Já que todos tendem a achar que cólica está relacionada ao sistema gastrointestinal, comecemos pelo básico: a alimentação. Bebês em culturas tradicionais não são amamentados seguindo o relógio, mas continuamente, conforme a necessidade. Ou seja, eles não tem horários fixos para mamar e nem são forçados a ficar x minutos em cada seio ou o que quer que seja. A mãe oferece o seio quando o bebê mostra sinais de fome. E pronto. Assim, o bebê mama pouco muitas vezes ao dia (e ao longo da noite). É totalmente plausível que isso seja melhor para seu sistema digestivo ainda imaturo. Quanto ao leite em si, nas culturas asiáticas e africanas – onde foram comprovadas o pouco choro dos bebês – come-se uma dieta variada e condimentada. No entanto, comparado ao Ocidente, consome-se menos laticínios. Portanto, pode ser que o laticínio seja um fator para o desconforto que causa o choro dos bebês. Isso também faz certo sentido do ponto de vista biológico, já que a proteína do leite é conhecidamente alergênica para muita gente (graças a Deus eu escapei dessa, pois amo leite!).
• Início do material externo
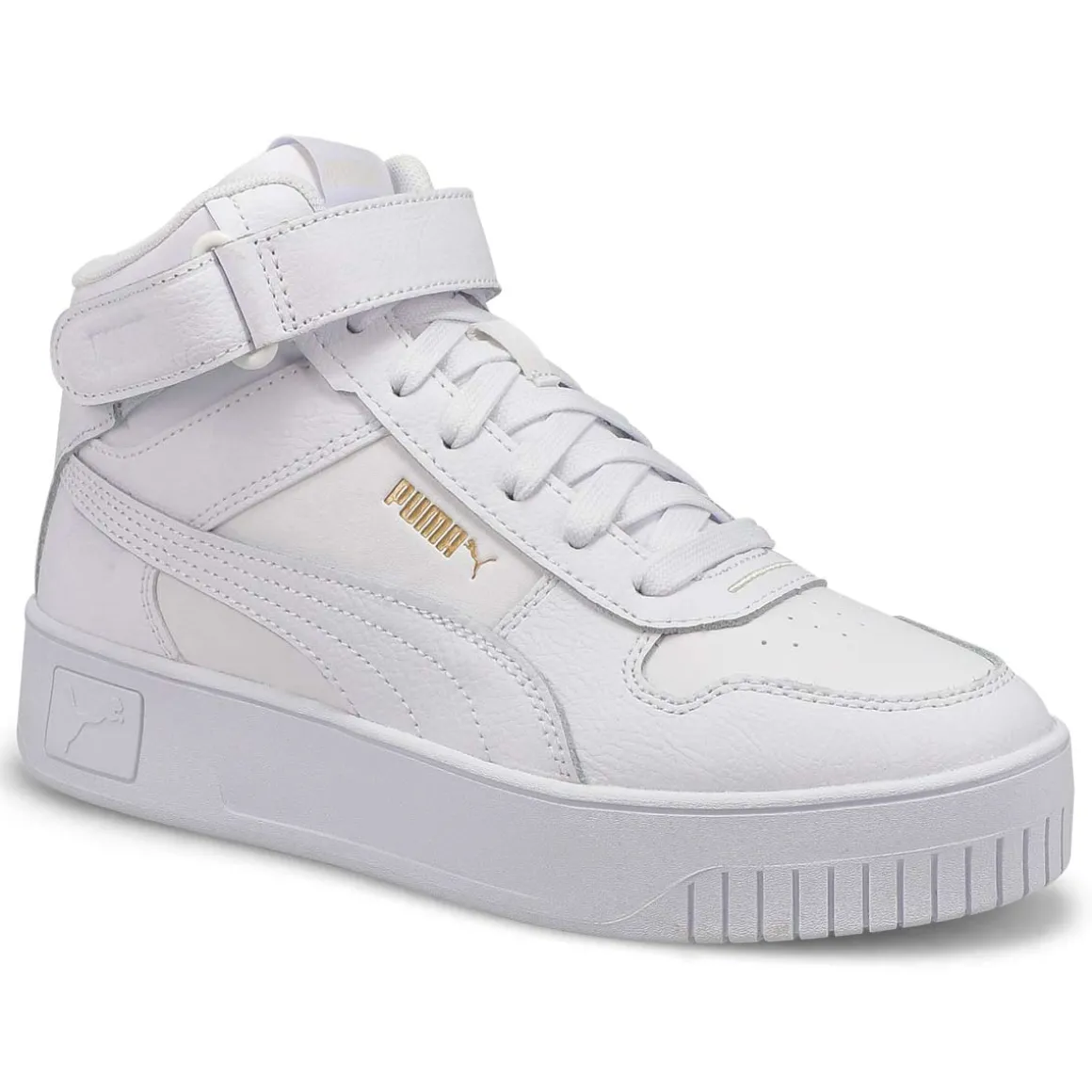 The Carina Street Mid white/ gold sneaker from Puma features a streetwear-inspired design and a slightly elevated platform, making them your perfect choice for casual, everyday outfits. Upper of this shoe is made with at least 20% recycled materials as a step toward a better future. SOFTFOAM+: Step-in comfort sockliner designed to provide soft cushioning thanks to its extra thick heel.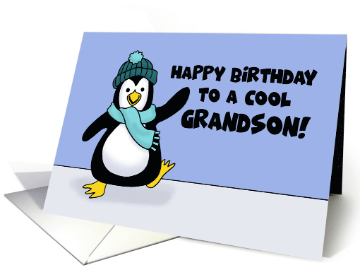Cute birthday card for a Grandson. The front shows a cartoon penguin in hat and scarf and dancing. The words say: Happy birthday to a cool Grandson! Best wishes on your birthday!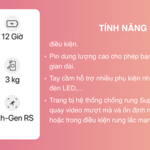 Nếu bạn đang tìm một chiếc gimbal tải trọng lớn với thời lượng pin cao thì đừng bỏ qua DJI Ronin RS4. Sản phẩm được thiết kế với kết cấu bền bỉ kết hợp cùng hệ thống nút điều khiển linh hoạt và dung lượng pin cao hứa hẹn sẽ mang tới trải nghiệm sử dụng hài lòng.
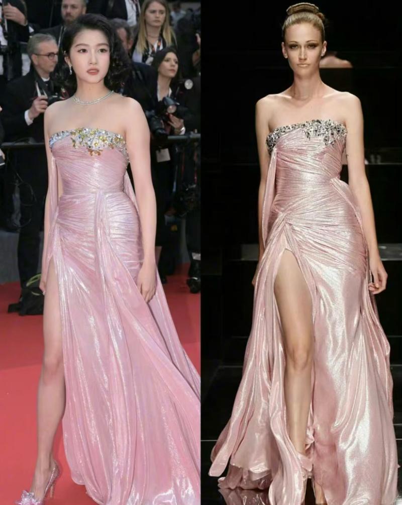 而在15號這天,關曉彤第五次亮相戛納紅毯,工作室的出圖讓人很期待!先來看看,關曉彤穿了2008年的古董高定禮服,抹胸珠光粉設計看起來…超高貴!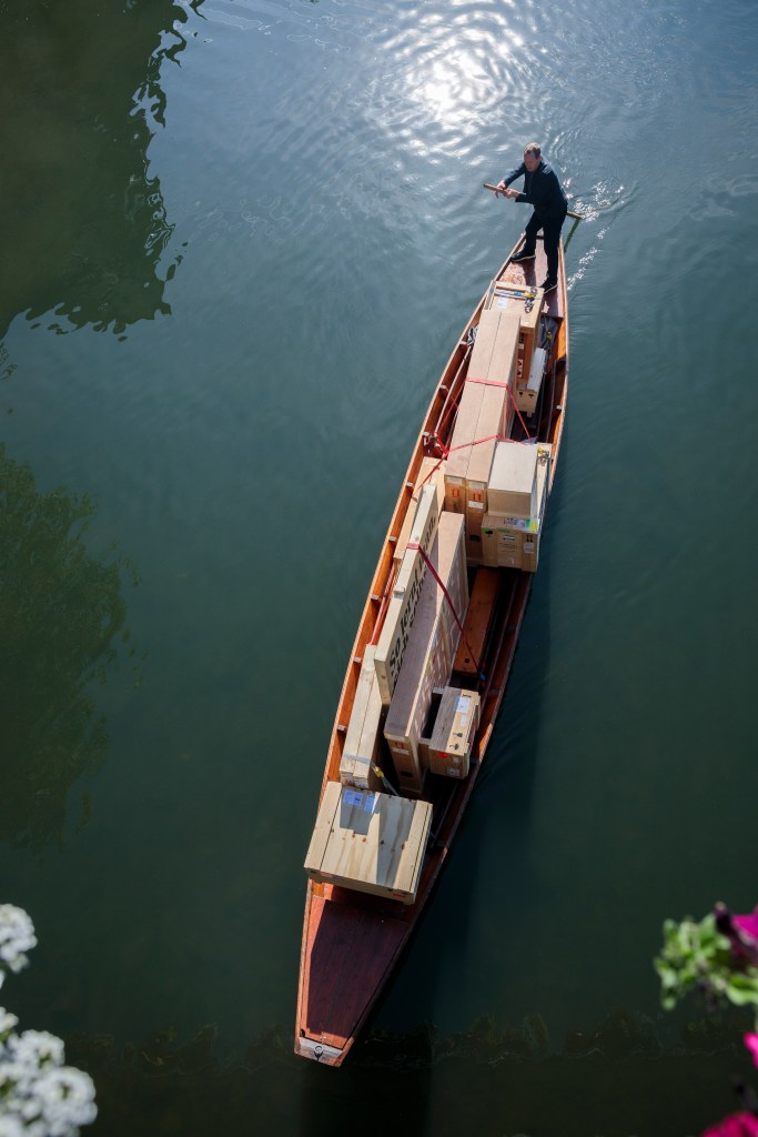 Installation: punting barge, labeled transport boxes, 250 × 1000 × 160 cm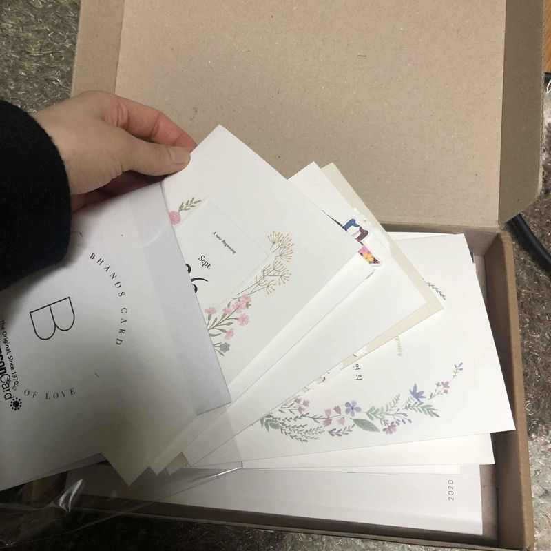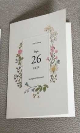 그날의 우리? 라는 청첩장으로 하게되었구요~ 디자인두 깔끔하고, 예뻐서 정말 맘에듭니당 인쇄중인 상태여서 실물은 아직 없구 샘플 사진 첨부했습니다~~ 비핸즈 카드 왕왕 추천이요😃😄😁 디자인 : 추천♥ 아기자기한거 좋아하는 스타일이여서 일로스트로 신랑신부 있는거 위주로 찾았는데 양가 부모님께서는 깔끔한 스타일로 했으면 좋겠다는 의견이 있어서 봄예식애 맞는 꽃으로 되어있고, 달력 표기 있는 청첩장으로 골랐습니다! 가격 : 추천♥ 350매 햇구여 14만 5천원 정도였는데 할인받아서 13만원 장당 385원으로 주문했어요! 바른손계열사라 그런지 청첩장 크기도 적당하고, 양가 부모님께서 넘 예쁘다고 하셨어요! 서비스 : 추천♥ 제가 수정요청을 3번 이나 문의했었는데 피드백도 빠르고 요청사항 다 들어주셨어요! 정말 만족합니당

Além da alimentação, tem o cuidado com o recém-nascido como um todo: onde ele passa o tempo quando não está mamando, em que posição fica, por quanto tempo etc. A prática ocidental de deixar bebês longe da mãe – em carrinhos, bebês-confortos, berços, balanços – geralmente deitados não é muito comum no resto do planeta. Primeiro porque requer a compra de “coisas” (carrinho, bebê-conforto, berço, balanço) que não estão disponíveis ou ao alcance das pessoas. Segundo porque esses aparelhos todos não fazem sentido fisiológico: as mulheres por gerações carregaram seus bebês em slings ou deixavam eles nos braços de uma tia, irmã mais velha ou avó e esses hábitos sempre funcionaram. Assim, os bebês não-ocidentais ficam em contato pele a pele com alguém quase sempre, em movimento e, geralmente, verticalizados e embrulhadinhos. Seja por motivos emocionais (a tranquilidade da presença de outro ser humano) ou físicos (menos desconforto fisiológico) – ou ambos! – a consequência seria uma diminuição na frequência de choro e na sua duração.
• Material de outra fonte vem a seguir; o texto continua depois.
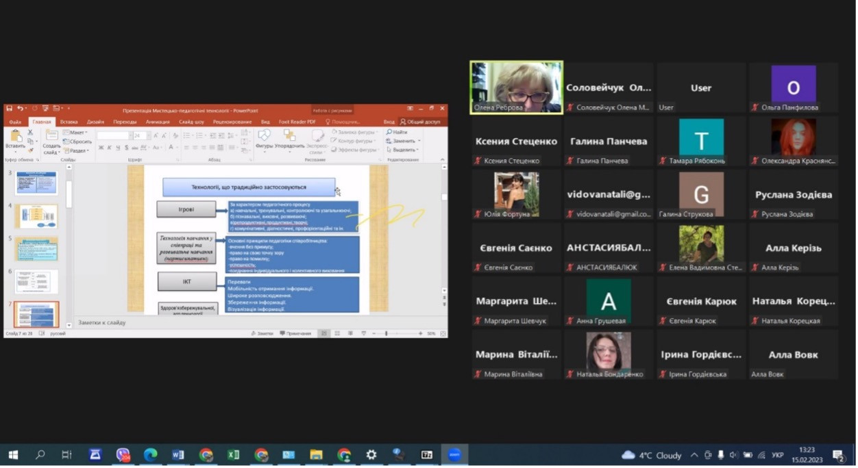 Викладачі факультету музичної та хореографічної освіти взяли участь у проведенні науково-методичних студій «Коло співпраці: наука-освіта» для професійних спільнот вчителів закладів загальної середньої освіти міста Чорноморська 14-15 лютого 2023 року.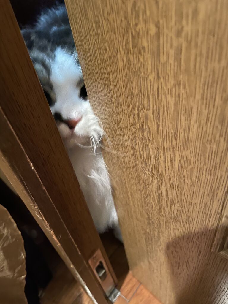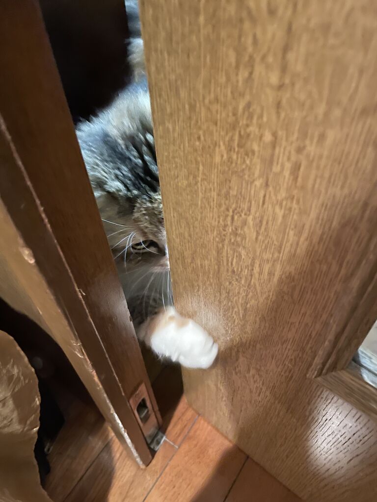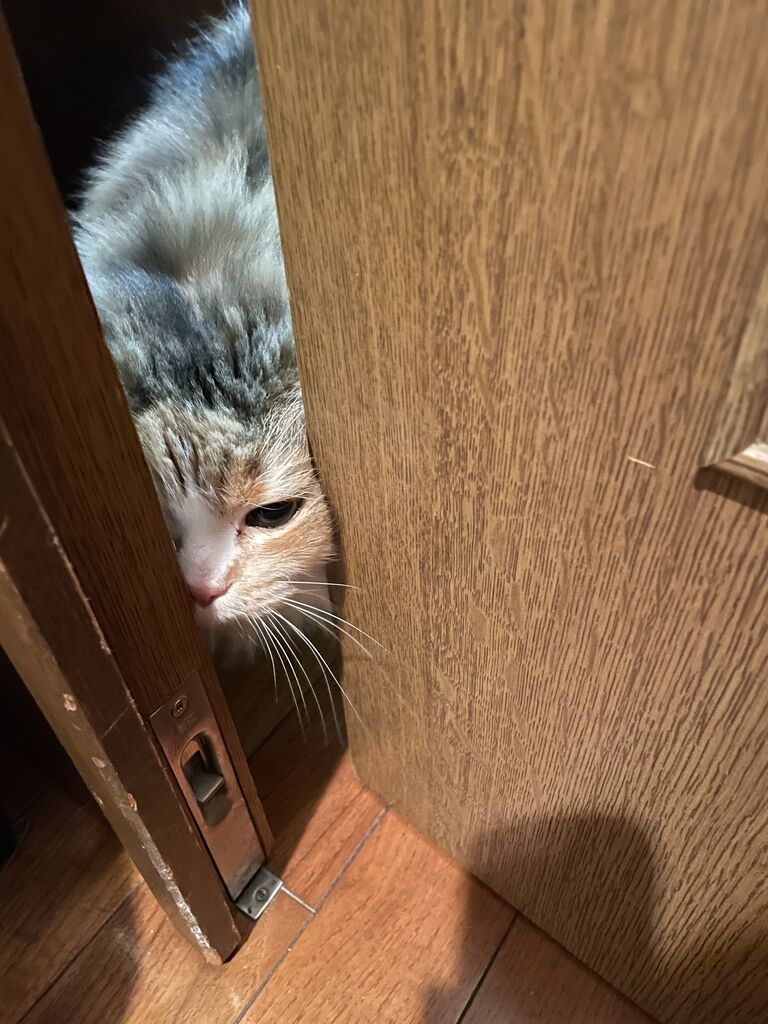 私がドアを少し開けたら顔をねじ込んできた

Fora esses fatores “concretos”, há também o intangível: a atitude das mães e outros cuidadores. Apesar de ter gostado do livro de Laura Gutman, A maternidade e o encontro com a própria sombra (editora Best Seller), não posso dizer que acredito 100% na tese de que o bebê seja um reflexo (ou “a sombra”) de sua mãe – tese esta que colocaria “a culpa” dos males do bebê nas questões psíquicas mal-resolvidas de sua mãe. Faz sentido que o estado emocional da mãe afete o bebê (e vice-versa, óbvio!), mas não acho que necessariamente toda manifestação “anormal” (ou melhor: “indesejável”) no bebê seja um sinal de algo que precisa ser “consertado” na mãe. Por outro lado, uma atitude tranquila e confiante da parte da mãe só pode ajudar, né? E se você já teve a oportunidade de observar mães de culturas não-ocidentais (o documentário Bebês é uma boa pedida!), deve ter percebido que elas parecem ter uma serenidade, uma falta de preocupação ou “frescura” – enfim, uma naturalidade! – invejável. Olha, como antropóloga, tenho que dizer que odeio esse tipo de generalização, mas é fato que nossa geração de mulheres (ocidentais, instruídas, profissionais) tem uma tendência à ansiedade e à preocupação acima da média. Será que isso não pode estar influenciando a “cólica” dos bebês: seja na própria incidência dela ou na percepção de sua existência?
Enfim, ficam as perguntas e a reflexão. Em breve publicarei um post mais prático (e mais curto!): 5 dicas para diminuir o choro (ou a “cólica”) do bebê.